Paradoxically the early church recognized in this symbol a sign of Jesus on the cross. Saint Paul wrote: “For our sake God made the sinless one to be sin, so that in him we might become the very holiness of God” (2 Cor 5:21). In the goodness, compassion and forgiveness of Jesus we recognize by contrast our own violent and harsh attitudes. The very image of Jesus on the cross shows the effects of human violence but also reveals “the kindness and love of God our Saviour” (Tit 3:4). The “miraculous interchange” of which the liturgy speaks is that while Jesus conforms to us externally (adopting our humanity), we are enabled to conform to him internally, becoming children of God. His goodness forces the poison of our sinfulness out of our system, by his enduring with love the violence of the crucifixion, and through his act of loving self-surrender, we come to belong like Jesus to the Father who is above all.

One Response

  1. Brian Fahy

    Who are you?

    John 8:21-30

    Had I been around at the time of Jesus would I have followed him? Hard to say. Lots of people did follow for a while. They followed in crowds and listened to this impressive speaker and teacher. But crowds are funny creatures and they generally drift away after a time. You have to become a personal follower at some point and that is a big decision.

    Had I been an important person I would naturally have taken notice and probably have felt some professional jealousy at this young northerner with all the talent. Questions and confrontations over religious policy and practice would have ensued, and arguments about whom do you think you are. So I may well have been a member of the crowd or a religious opponent of Jesus in his day. After all he had a very unsettling effect on people.

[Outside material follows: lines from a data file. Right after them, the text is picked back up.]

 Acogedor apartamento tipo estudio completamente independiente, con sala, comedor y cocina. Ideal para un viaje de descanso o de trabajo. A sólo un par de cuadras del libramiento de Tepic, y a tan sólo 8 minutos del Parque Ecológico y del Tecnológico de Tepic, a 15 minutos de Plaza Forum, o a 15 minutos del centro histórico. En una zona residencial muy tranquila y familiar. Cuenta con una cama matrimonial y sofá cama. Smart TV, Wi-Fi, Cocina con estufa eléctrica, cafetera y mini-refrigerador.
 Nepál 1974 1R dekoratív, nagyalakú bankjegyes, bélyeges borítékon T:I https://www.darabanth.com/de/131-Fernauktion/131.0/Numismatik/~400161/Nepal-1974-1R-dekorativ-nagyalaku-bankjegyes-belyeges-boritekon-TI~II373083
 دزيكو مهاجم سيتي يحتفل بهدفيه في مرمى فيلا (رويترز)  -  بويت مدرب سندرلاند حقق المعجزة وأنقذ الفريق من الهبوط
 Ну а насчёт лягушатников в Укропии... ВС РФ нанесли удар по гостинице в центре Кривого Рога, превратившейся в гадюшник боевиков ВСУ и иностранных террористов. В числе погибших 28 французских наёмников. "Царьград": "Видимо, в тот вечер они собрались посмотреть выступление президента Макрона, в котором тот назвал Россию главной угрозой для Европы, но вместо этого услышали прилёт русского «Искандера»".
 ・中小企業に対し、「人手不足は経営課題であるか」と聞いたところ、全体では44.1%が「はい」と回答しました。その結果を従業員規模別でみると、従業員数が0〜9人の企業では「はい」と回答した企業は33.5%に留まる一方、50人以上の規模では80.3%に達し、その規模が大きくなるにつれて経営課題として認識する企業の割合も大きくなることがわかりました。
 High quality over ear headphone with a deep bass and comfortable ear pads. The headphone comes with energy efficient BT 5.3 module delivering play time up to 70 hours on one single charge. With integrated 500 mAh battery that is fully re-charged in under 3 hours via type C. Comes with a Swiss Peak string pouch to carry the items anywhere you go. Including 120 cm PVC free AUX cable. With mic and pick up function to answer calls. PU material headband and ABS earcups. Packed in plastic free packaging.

    And if I were to ask him straight, ‘who are you?’ it would not be easy for Jesus to say baldly, ‘I am the Son of God,’ or ‘I am the messiah.’ Who could accept such an answer! So Jesus has to say things indirectly. ‘I have come from my father,’ and ‘I am from above.’

    But in this world there are things that we can rely on even though they are often misused. We have a gut feeling for what is good and what is just and what is true. We can sense it. We can feel it. It is what we are made for. We know it when we find it. If we are trying our best to be good and just and true then we will chime truly with that goodness when we come face to face with it.

    That is why Jesus ultimately said in reply to the question of ‘who are you?’ that the questioners will know the answer for sure when they nail him to a cross. ‘When you have lifted up the Son of Man, then you will know that I am He.’

    Goodness perseveres in goodness through all suffering and does not depart from its nature. Jesus on the cross is the ultimate proof of who he is, of his thoroughgoing goodness. This goodness, this grace of God is now offered to all who try to follow him.

    People today, like people back then, may be unsure about God and the afterlife, but they are sure about what matters – goodness justice and truth. Followers of Jesus are called to be witnesses to this. The world does not need argumentative proof. People need good examples of thoroughgoing goodness.

    The Lord asks us to do nothing of ourselves but to do always what pleases God Our Father.